Seares also wrote a number of papers on galactic structure. His conclusion as to the relative brightness of our Milky Way compared to other “spiral nebulae” was influential in the stand taken by Shapley (his student at Missouri and his co-worker at Mount Wilson) in the Curtis-Shapley debate of 1920. Seares also investigated the way interstellar material obscures and reddens the light from distant stars.

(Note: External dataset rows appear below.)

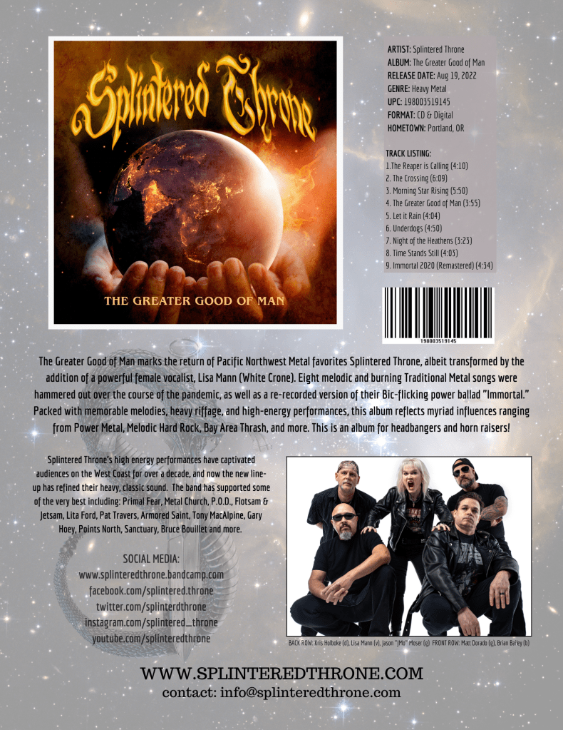 Keep an eye on https://splinteredthrone.bandcamp.com/ for this Friday, indeed, but you can also right now order CD copies there of Splintered Crone’s 2018 metal masterpiece, Redline. Don’t be misled by its first three tracks, which are relatively traditional; the album unfolds with undeniable prog sensibilities with a veritable cascade of standout tracks like “Nature’s Design,” “Fog of War,” and “Inside Looking Out,” and then finally crescendoes into the absolutely epic “Take It to the Grave.”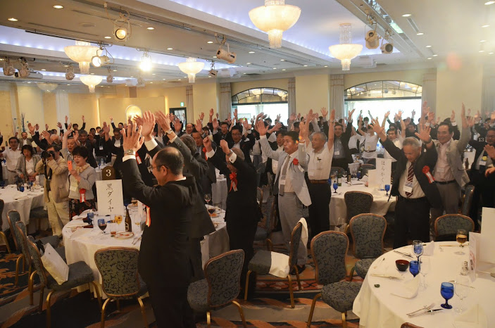 おはようございます。一年ぶりの東京総会に参加してきました。本総会よりも一年早く、昨年度が34回の当番でした。そこで、今年は田川岳陽同窓会総会のアピールが一番の目的です。会場のあちこちで、総会の宣伝と共にファイル販売をみんなでおこないました。それに、プラスして広告取りまでしてくれている34回生もいました(二次会でも広告とりをしていました)。懇親会終盤には、ユニフォーム姿で壇上にみんなで上がって、アピールをしました。毎回思うのは、私たちのユニフォームは本当に格好よくて、目立ちます。会場のみなさんからは、「あなたたち、よくやっているね」「困ったことがあったら、相談に乗るからね」など、暖かい言葉をいただきました。昨日の総会会場や二次会会場での34回生の姿を見たときに、活動真っ盛りの広告取り活動をしている34回生と重なりました。昨日も1日何回も広告委員のみなさんの連絡メールが入りました。例え、知り合いであっても、お金をいただくお願いは、気を遣います。仕事をやっと終えて訪問したら「こんな遅い時刻に来るなんて。」と叱責された、という話も聞きました。この話を聴いたときに、感涙しました。こんな苦労を積み上げながらの広告取りの結果です。今まで、何人もの先輩から「あなたたちが楽しんでやりなさい。みんな自分の生活や仕事が有るんだから。無理はしなさんな。」とアドバイスをいただきました。総会への関わりの形は、さまざまだと思います。しかし、「あの同窓会当番の活動は楽しかったね」と皆が言えるようにしたいですね。実行委員長として、そんな力は有りませんが、皆と一緒に進んでいきたいと再認識した1日でした。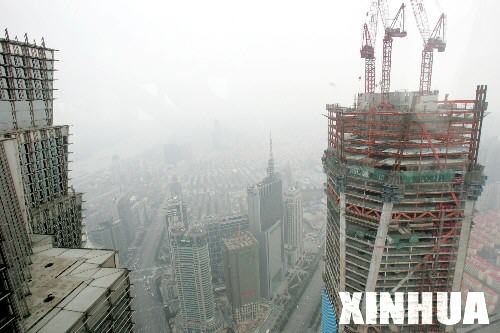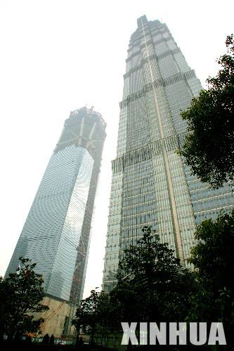 正在建設(shè)中的上海環(huán)球金融中心(左)已升至79層,高度達(dá)到340.1米(1月22日攝)。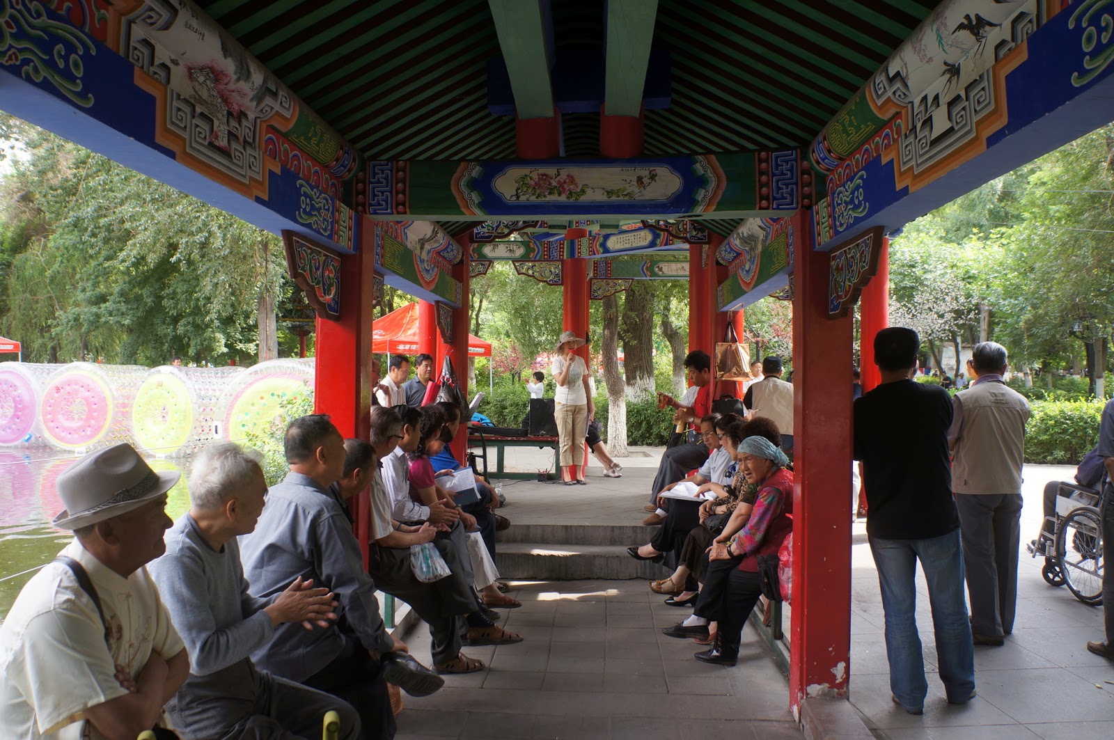 不喜歡打牌的,有很多人會聚集在湖邊的涼亭下玩音樂。有人拉著二胡,有人演奏琵琶或古箏,有人演奏當然也有人唱戲,一個小型的中式演唱會就開始進行起來,別來無事在這座著聽上幾曲也別有情趣。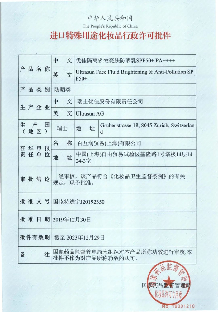 注:本品拥有进口特殊用途化妆品的许可批件,类别为防晒类,批准文号为国妆特进字J20192350。

Seares was elected to the American Philosophical Society in 1917, an associate of the Royal Astronomical Society in 1918, and to the National Academy of Sciences in 1919. He received an LL.D. degree from the University of California in 1930 and another from the University of Missouri in 1934. In 1940 he was awarded the Bruce Gold Medal of the Astronomical Society of the Pacific. That same year his wife died; two years later he married his longtime assistant Mary Cross Joyner, and with her eventually retired to Honolulu, where he died at age ninety-one.
BIBLIOGRAPHY
I. Original Works. For a description of the Laws Observatory, see “Report of the Director of the Laws Observatory of the University of Missouri,” in Publications of the Astronomical Society of the Pacific, 15 (1903), 167–168.
Seares’s photometric techniques are described in “Photographic Photometry with the 60-inch Reflector of the Mount Wilson Solar Observatory,” in Astrophysical Journal, 39 (1914), 307–340; his so-called exposure ratio method for direct determination of the color index (a number to be subtracted from the photographic magnitude of a star to get its visual magnitude) is outlined in “A Simple Method of Determining the Colors of the Stars,” in Proceedings of the National Academy of Sciences of the United States of America, 2 (1916), 521–525. His paper entitled “The Surface Brightness of the Galactic System as Seen From a Distant External Point and a Comparison With Spiral Nebulae,” appeared in Astrophysical Journal, 52 (1920), 162–182.
The Mount Wilson Catalogue of Photographic Magnitudes in Selected Areas 1–139 is vol. IV of the Papers of the Mount Wilson Observatory and appeared in 1930 as Carnegie Institution of Washington Publication no 402: the authors are given as F. H. Seares, J. C. Kapteyn, and P. J. van Rhijn (although Kapteyn had been dean alsmost eight years), assisted by Mary C. Joyner and Myrtle L. Richmond, Magnitudes and Colors of Stars North of +80°, written with Frank E. Ross and Mary C. Joyner, appeared as vol. VI of the same series and as Carnegie Publication no. 532 (1941): this work is Seares’s final attempt to provide a set of absolute standard magnitudes in the North Polar region, replacing those printed in Transactions of the International Astronomical Union, 4 (1932), 140–152, that had been adopted as international standards.
Seares’s ideas on interstellar obscuration are summarized in “The Dust of Space,” based on his Bruce Gold Medal lecture, in Publications of the Astronomical Society of the Pacific, 52 (1940), 80–115.
A list of 161 publications by Seares follows Joy’s 1967 biographical memoir (see below).
II. Secondary Literature. For a contemporary discussion of Seares’s work, see Alfred H. Joy, “The Award of the Bruce Gold Medal to F. H. Seares,” in Publications of the Astronomical Society of the Pacific, 52 (1940), 69–79, with photograph facing p. 69. Joy also wrote the entry on Seares in Biographical Memoirs. National Academy of Sciences, 39 (1967), 417–431 with bibliography 432–444. An obituary by R. O. Redman appeared in Quarterly Journal of the Royal Astronomical Society, 7 (1966), 75–79.